The Defense Advanced Research Projects Agency (DARPA) has awarded Intel Federal LLC with support from Intel Labs and its collaborators, the Computer Vision Center Barcelona, Spain, and the University of Texas at Austin, the opportunity to develop advanced simulation solutions for off-road autonomous ground vehicles. The Robotic Autonomy in Complex Environments with Resiliency – Simulation (RACER-Sim) program aims to create the next generation of off-road simulation platforms to significantly reduce the development cost and bridge the gap between simulation and the real world.
In the context of autonomous driving, the gap between on-road and off-road deployment is still very significant. Many simulation environments exist today, but few are optimized for off-road autonomy development at scale and speed. Additionally, real-world demonstrations continue to serve as the primary method to verify system performance.
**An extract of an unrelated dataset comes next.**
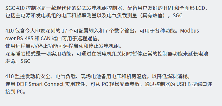 DEIF 單臺(tái)發(fā)電機(jī)組控制器SGC 410系列

Off-road autonomous vehicles must deal with substantial challenges, including a lack of road networks and extreme terrain with rocks and all types of vegetation, among many others. Such extreme conditions make developing and testing expensive and slow. The RACER-Sim program aims to solve this problem by providing advanced simulation technologies to develop and test solutions, reducing deployment time and validation of AI-powered autonomous systems.
Off-road autonomous ground vehicles
RACER-Sim includes two phases over 48 months with the aim of accelerating the entire research and development process for designing off-road autonomous ground vehicles. In phase one, Intel’s focus is to create new simulation platforms and map generation tools that mimic complex off-road environments with the highest accuracy (e.g., physics, sensor modeling, terrain complexity, etc.), at scales never seen before. Creating simulation environments at scale is a process that traditionally requires significant resources and is one of the biggest challenges in simulation workflows. Intel Labs’ simulation platform will enable customization of future maps, including the creation of massive new environments covering more than 100,000 square miles with just a few clicks.
During phase two, Intel Labs will work with RACER collaborators to accelerate the research and development process by implementing new algorithms without the use of a physical robot. Then, teams will validate the performance of the robot in simulation, saving significant time and resources. Phase two will also include the development of new sim2real techniques – the concept of training the robot in simulation to acquire skills and then transferring these skills to a corresponding real robotic system – enabling the training of off-road autonomous ground vehicles directly in simulation.
Intel expects these new simulation tools to significantly improve the development of autonomous systems using virtual testing, which reduces the risks, costs, and delays associated with traditional testing and verification protocols. In the future, the simulation platform will go beyond validation to create AI models ready for implementation in the real world.